Most voice recognition software allow the user to retrieve and display appointments, tasks and events. Look up contacts and perform basic navigation commands such as read "next"

Voice recognition is limited on current Palm based PDAs.

The Pocket PC operating system does not generally come with voice recognition . However some models such as the HP IPaqs come with a speech recognition engine (IBM ViaVoice comes with the IPaqs).

 

Why would a User want Voice Recognition?

Voice recognition can be useful in controlling the basic PIM functions of a PDA, "hands-free". This might be useful to a user with a manual dexterity problem or a mobility problem.

Pocket PC Software

There are a various text-to-speech engines and voice recognition engines available to developers, but only some have been produced into user-friendly applications.

The following three voice recognition software applications are available for Pocket PC operating systems. However due to the time consuming nature of their evaluation only the manufacturer links are listed.

Fonix iSpeak for Pocket PC

This application allows the user to use true text-to-speech. The user can use the software to read Email text and text files. The speech engine includes two good quality human-like voices that include inflections, intonations, and pauses. There is also a choice of nine other voices which take much less space but have a much more synthesised sound. The application is operated from a simple to use interface that lists all the text files,mp3 files and Email headers. The only limiting factor is that when playing a text file or Email the content may not be viewed within the application at the same time. The software also allows text-to-speech with Word for reviewing words and sentences as they are typed. The software also includes a useful clipboard reader that reads aloud the contents of the clickboard.

Fonix VoiceAlert

This application is a combination of basic text-to-speech and voice recognition. It includes a digital clock that announces the current time in quarter, half, or full-hour increments. VoiceAlert automatically speaks both the time and your upcoming appointments, events and tasks. Fonix VoiceAlert automatically retrieves information entered into the calendar, tasks, and the "to do" lists on the Pocket PC. The program then speaks details aloud as an individual event time approaches.

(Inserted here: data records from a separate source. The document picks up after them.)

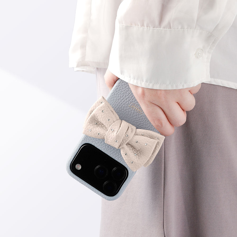 ケースと同じイタリアンレザーを使用した可愛いダブルリボンが付いたスマホケース!大きなダブルリボンがシンプルなコーデもパッと華やかに♪リボンにはキラキラと輝くストーンをあしらい、上品さと華やかさをプラスしました。
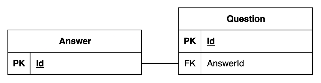 만약 OneToOne으로 대응되는 Question 엔티티와 Answer 엔티티가 존재하고 Answer쪽에 FK가 존재한다고 해보겠습니다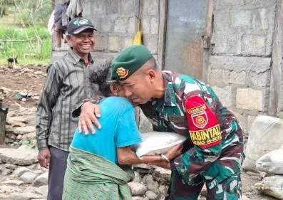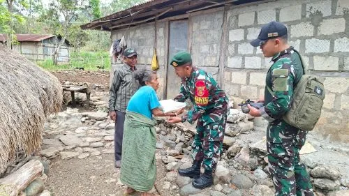 EBAN- Prajurit Makosatgas Pamtas RI-RDTL Sektor Barat Yonarhanud 2 Kostrad adakan kegiatan Jumat Berkah. Kegiatan ini berikan bantuan sembako  bagi masyarakat perbatasan yang membutuhkan di Desa Eban, Kecamatan Miomaffo Barat, Kabupaten TTU, Jumat (17/10/2025) hari ini.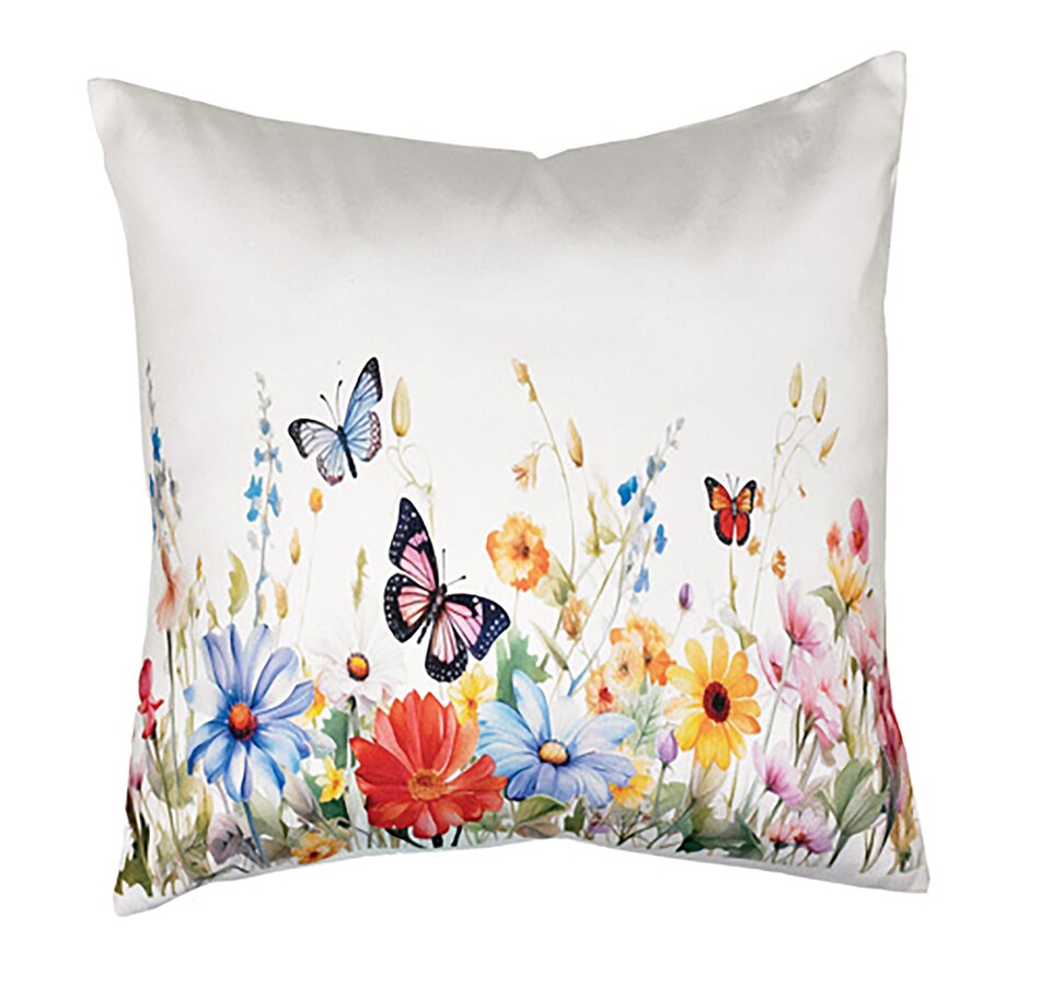 Refresh your home for spring with the Mera Linens Floral Butterfly Printed Cushion. Featuring a vibrant floral and butterfly design, this 18-inch-square cushion adds a fresh, cheerful touch to your décor. The soft polyester fill offers cozy comfort, while the hidden zipper provides a seamless look.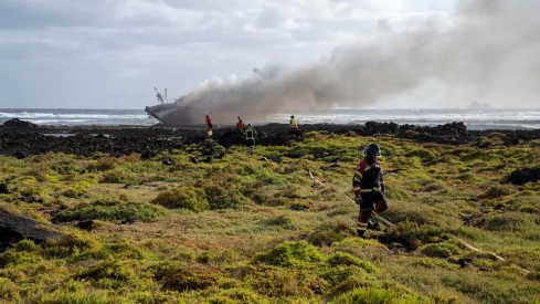 También el Cabildo de Lanzarote ha activado su plan insular de emergencias, tras comprobar que el pesquero encallado en la costa de Órzola ha comenzado a arder.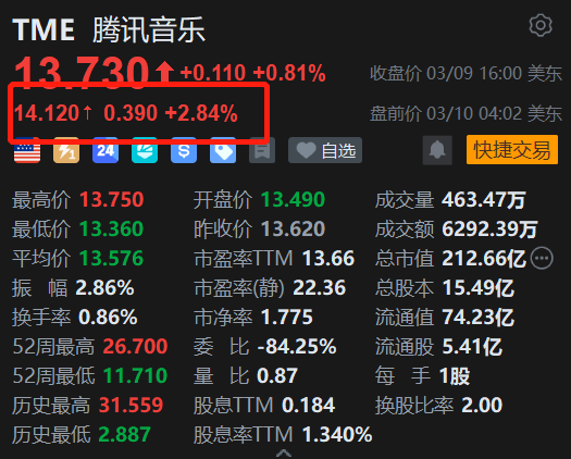 美股异动丨腾讯音乐盘前涨约3% 推“鹅票票”购票平台 杀入演出票务赛道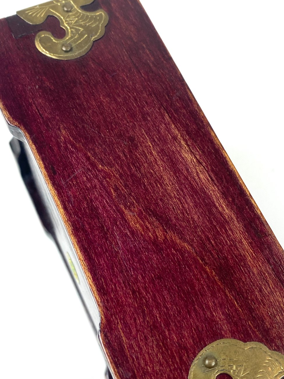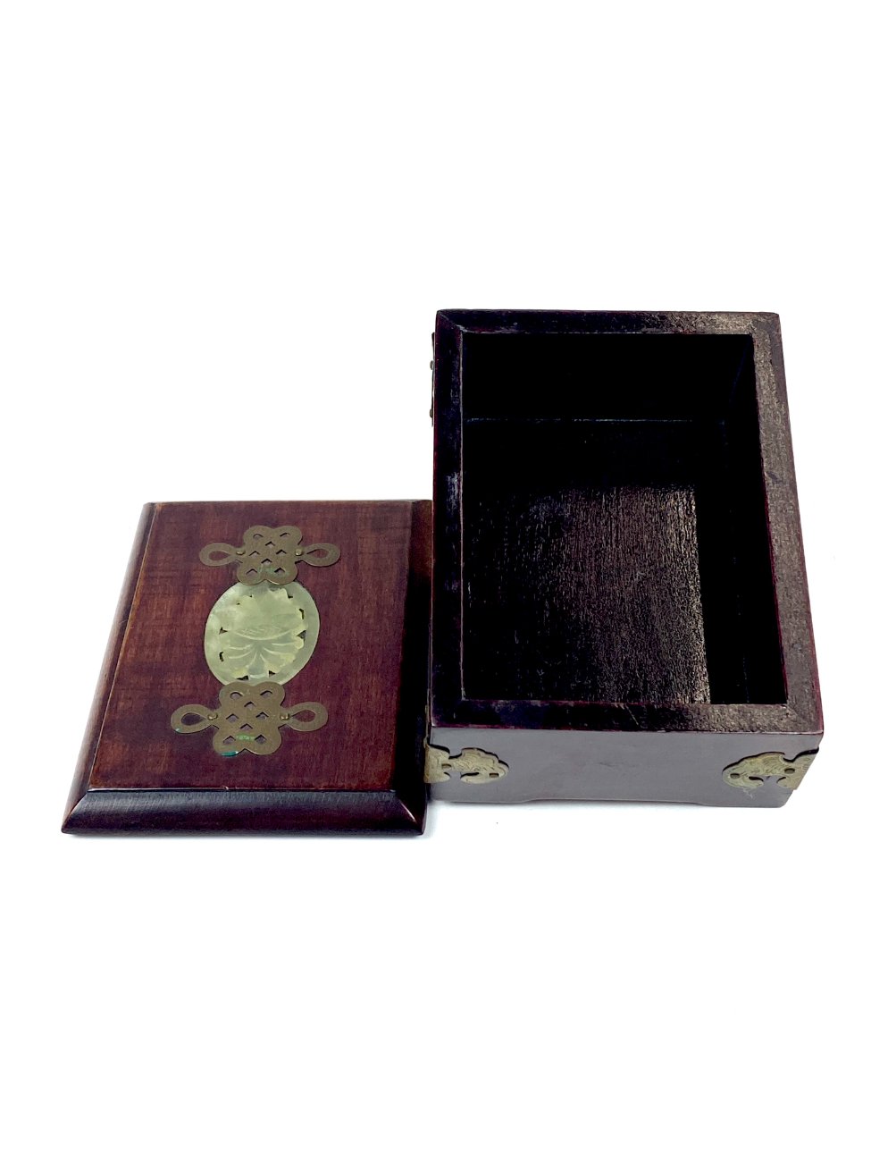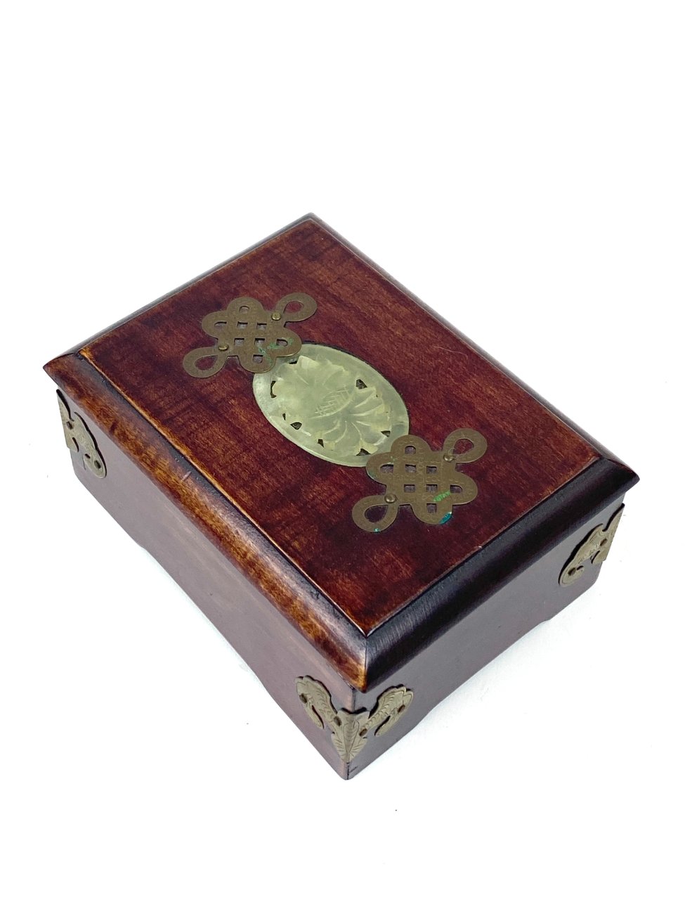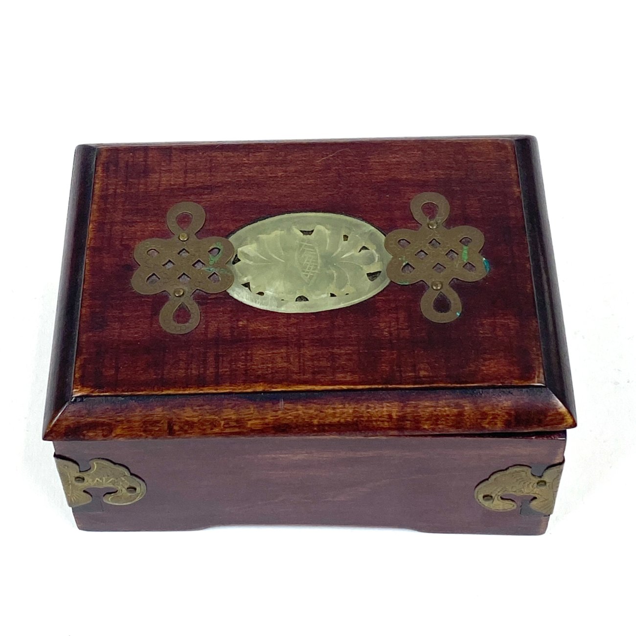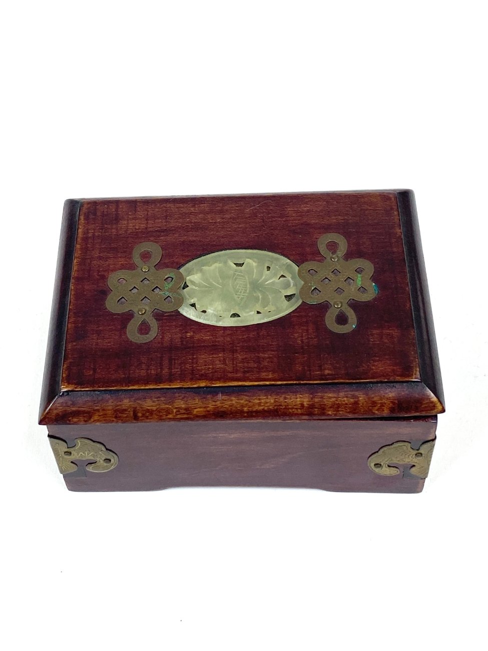 Kiniška medinė dėžutė su žalvario ir akmens dekoracijomis 9x12x5,5 cm

It includes Fonix Voice Central Lite, which can be trained to recognise simple commands such as "Pocket Word," or "Calendar," which take you directly to the desired application or task without having to click through several menus with the stylus.

 

Symbolic Communication software

Pocket WinSpeak

This is a symbolic communications package that is very similar to the desktop version of WinSpeak . Symbols are selected and the corresponding text or phrases are spoken aloud. It uses symbols and letters to build sentences of any length with captioned DECtalk speech or recorded messages. The cell icons can use digital photos and scanned images as well as various symbols. Up to 1,000 grids may be stored on a memory card. The system works with prestored vocabularies such as Ingfield Dynamic Vocabularies (Levels A and B).